## Goal of the exercise:
When the line with "Selain Aceh Tamiang, Tim" turns up below, begin repeating exactly, and carry on through the line with "- Setelah itu"; no pictures go into the copy.

## Data for analysis:
-*-*-

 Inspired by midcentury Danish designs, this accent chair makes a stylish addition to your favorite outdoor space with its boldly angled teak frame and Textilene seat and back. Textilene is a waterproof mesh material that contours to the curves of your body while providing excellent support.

-*-*-

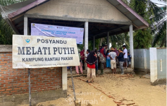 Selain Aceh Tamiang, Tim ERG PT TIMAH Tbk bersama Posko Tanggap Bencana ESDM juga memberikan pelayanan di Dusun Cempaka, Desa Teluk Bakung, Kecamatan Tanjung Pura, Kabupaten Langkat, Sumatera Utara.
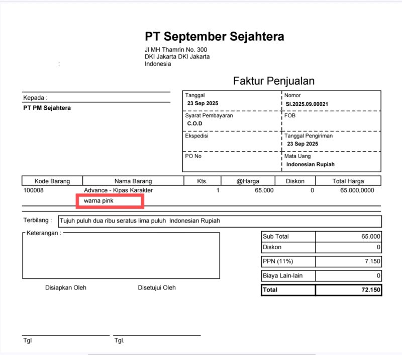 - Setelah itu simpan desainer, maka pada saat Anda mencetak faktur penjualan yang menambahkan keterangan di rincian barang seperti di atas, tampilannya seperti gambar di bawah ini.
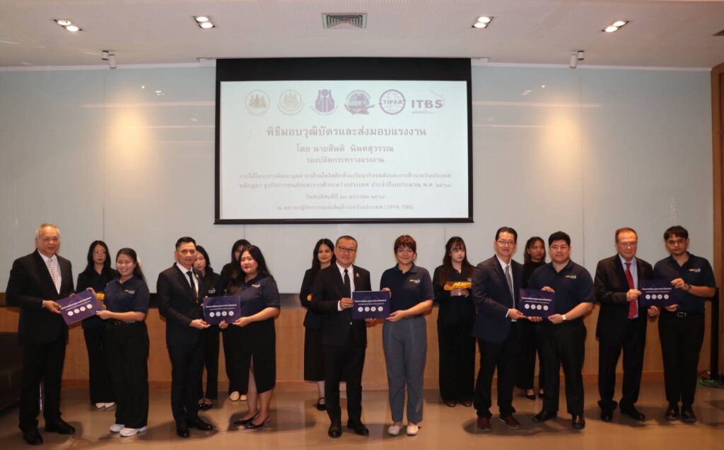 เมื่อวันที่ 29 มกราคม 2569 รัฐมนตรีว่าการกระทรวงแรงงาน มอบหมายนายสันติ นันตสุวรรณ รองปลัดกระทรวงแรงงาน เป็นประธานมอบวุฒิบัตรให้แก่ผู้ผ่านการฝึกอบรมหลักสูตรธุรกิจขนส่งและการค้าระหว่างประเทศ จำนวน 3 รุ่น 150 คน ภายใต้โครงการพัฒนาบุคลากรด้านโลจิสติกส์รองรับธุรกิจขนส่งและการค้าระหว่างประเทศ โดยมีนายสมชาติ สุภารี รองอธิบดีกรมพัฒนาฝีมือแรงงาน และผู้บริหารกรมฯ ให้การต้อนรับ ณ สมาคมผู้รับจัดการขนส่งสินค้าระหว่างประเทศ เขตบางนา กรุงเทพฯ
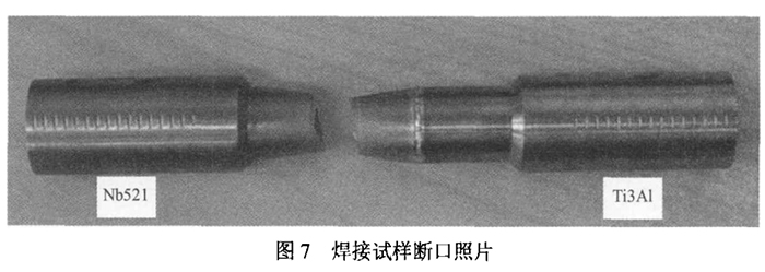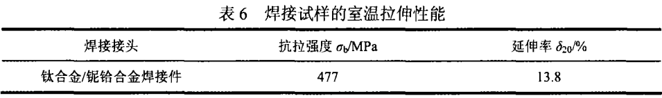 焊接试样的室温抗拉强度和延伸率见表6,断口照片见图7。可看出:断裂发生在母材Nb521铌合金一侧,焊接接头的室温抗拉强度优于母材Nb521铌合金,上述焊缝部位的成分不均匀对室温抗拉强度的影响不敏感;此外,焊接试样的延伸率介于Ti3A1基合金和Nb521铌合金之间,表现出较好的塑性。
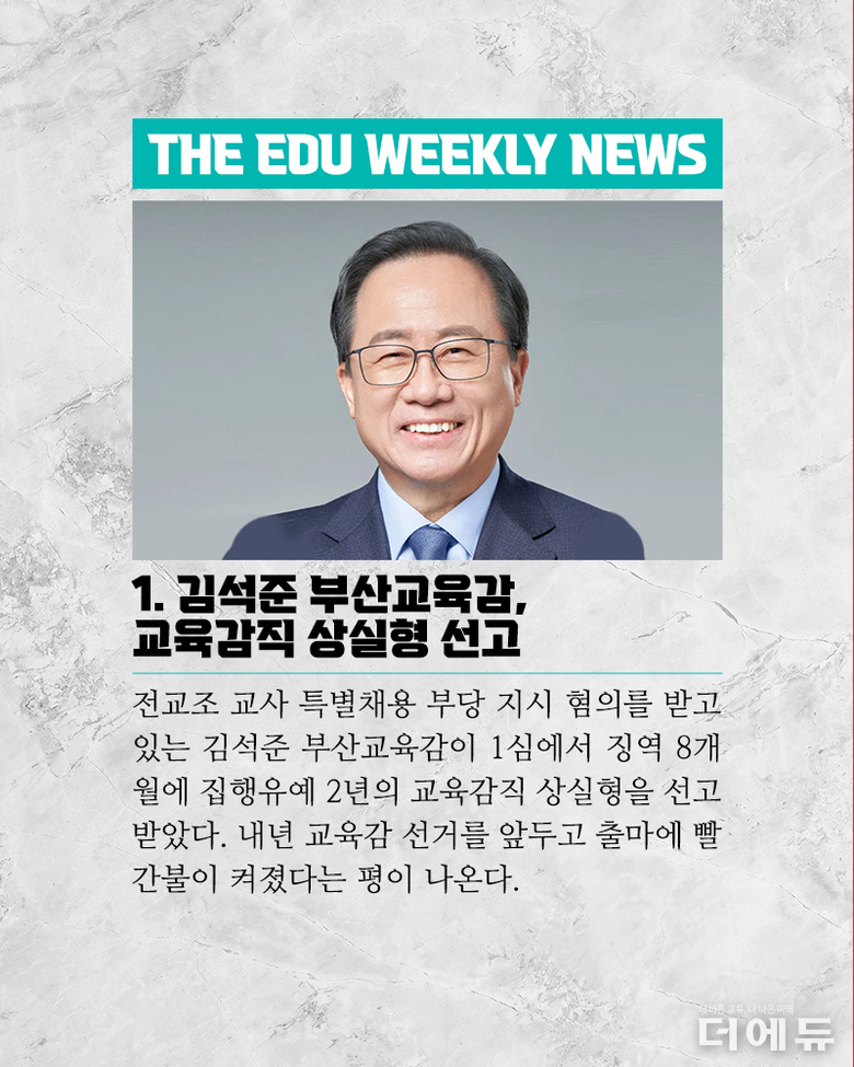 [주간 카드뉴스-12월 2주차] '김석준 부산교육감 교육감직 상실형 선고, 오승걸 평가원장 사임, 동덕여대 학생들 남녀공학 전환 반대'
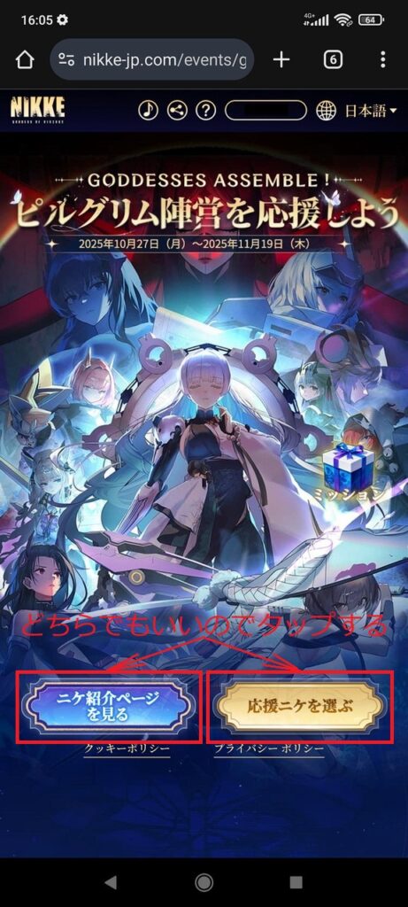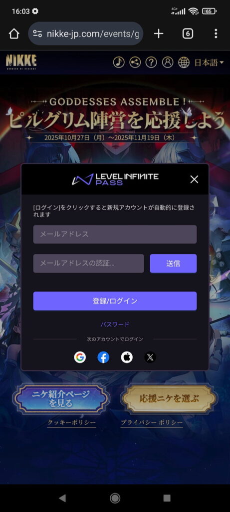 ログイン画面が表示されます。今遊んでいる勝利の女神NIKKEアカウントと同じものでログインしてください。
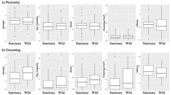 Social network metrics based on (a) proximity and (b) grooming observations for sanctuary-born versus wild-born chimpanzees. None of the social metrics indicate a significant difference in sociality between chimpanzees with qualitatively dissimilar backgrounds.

-*-*-

## Response:
 Selain Aceh Tamiang, Tim ERG PT TIMAH Tbk bersama Posko Tanggap Bencana ESDM juga memberikan pelayanan di Dusun Cempaka, Desa Teluk Bakung, Kecamatan Tanjung Pura, Kabupaten Langkat, Sumatera Utara.
 - Setelah itu simpan desainer, maka pada saat Anda mencetak faktur penjualan yang menambahkan keterangan di rincian barang seperti di atas, tampilannya seperti gambar di bawah ini.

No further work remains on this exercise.